# Squaring an Integral of a function

1. Nov 23, 2014

### occh

In the proof of the closed form of the Gaussian Integral the expression$${(\int_{-\infty}^\infty f(x)dx)}^2= \int_0^\infty f(x)dx+\int_0^\infty f(y)dy$$ appears. I have seen it multiple places and understand this step is justified, but I cannot find a theorem for it anywhere. Can anybody explain the reasoning behind this identity?

2. Nov 23, 2014

### Orodruin

Staff Emeritus
It is not true the way you have written it down. Did you mean to write the following?
$$\left(\int_{-\infty}^\infty f(x) dx \right)^2 = \left(\int_{-\infty}^\infty f(x) dx \right)\cdot \left(\int_{-\infty}^\infty f(y) dy \right)$$

3. Nov 23, 2014

### occh

Yeah definitely multiplied, but I'm nearly positive that the RHS bottom limits are 0.
Regardless, my question still holds, where does this identity come from (in whatever form it actually has)

4. Nov 23, 2014

### Orodruin

Staff Emeritus
Well, the integral is just a number:
$$I = \int_{-\infty}^\infty f(x) dx$$
which you can square, which results in a multiplication $I\cdot I$. The variable $x$ is just a dummy variable which is being integrated over and you can call it $y$ in the second term.

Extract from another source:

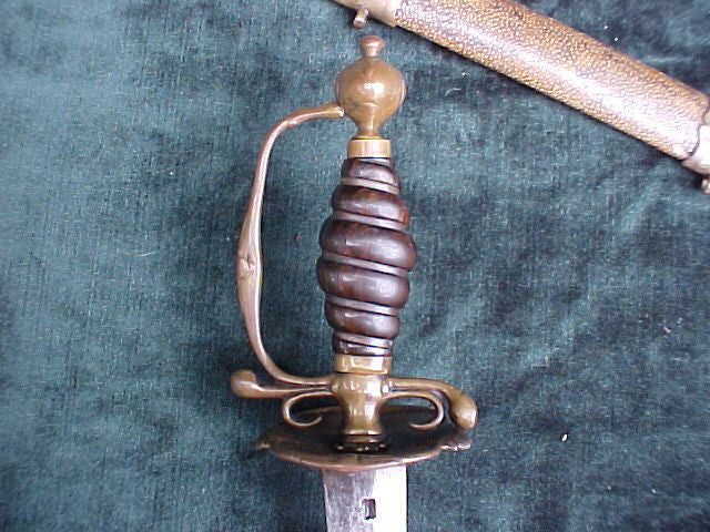 An Interesting antique Colonial French and Indian - American Revolutionary War English, French or Dutch Small Sword, circa. early 18th century. 22.25" double edge blade that may be much older and re-used w/(3) unidentified armorer's marks on both sides of blade . Brass hilt/guard; carved spiral/twisted wood w/flat wire grip. 29" overall. Scabbard is brass mounted covered in shagreen (Sting Ray Skin).

If you call it $x$ in the second term you may run into trouble because you just named two different dummy variables the same thing, if you name it $y$, everything in the first integral is constant wrt $y$ and you can move it inside the second integral without problem.

5. Nov 23, 2014

### occh

Great, thanks!

6. Nov 23, 2014

### mathman

If the integrand is symmetric (Gaussian is), then the integral starting at 0 is 1/2 the total.

7. Nov 23, 2014

### Orodruin

Staff Emeritus
However, it should be noted that the standard computation of the Gaussian integral uses all of $\mathbb R^2$ as the integration domain and does the evaluation in polar coordinates in the $xy$-plane. This results in a range for the radial coordinate $r$ which is 0 to $\infty$, which I suspect is the source of the confusion in this case.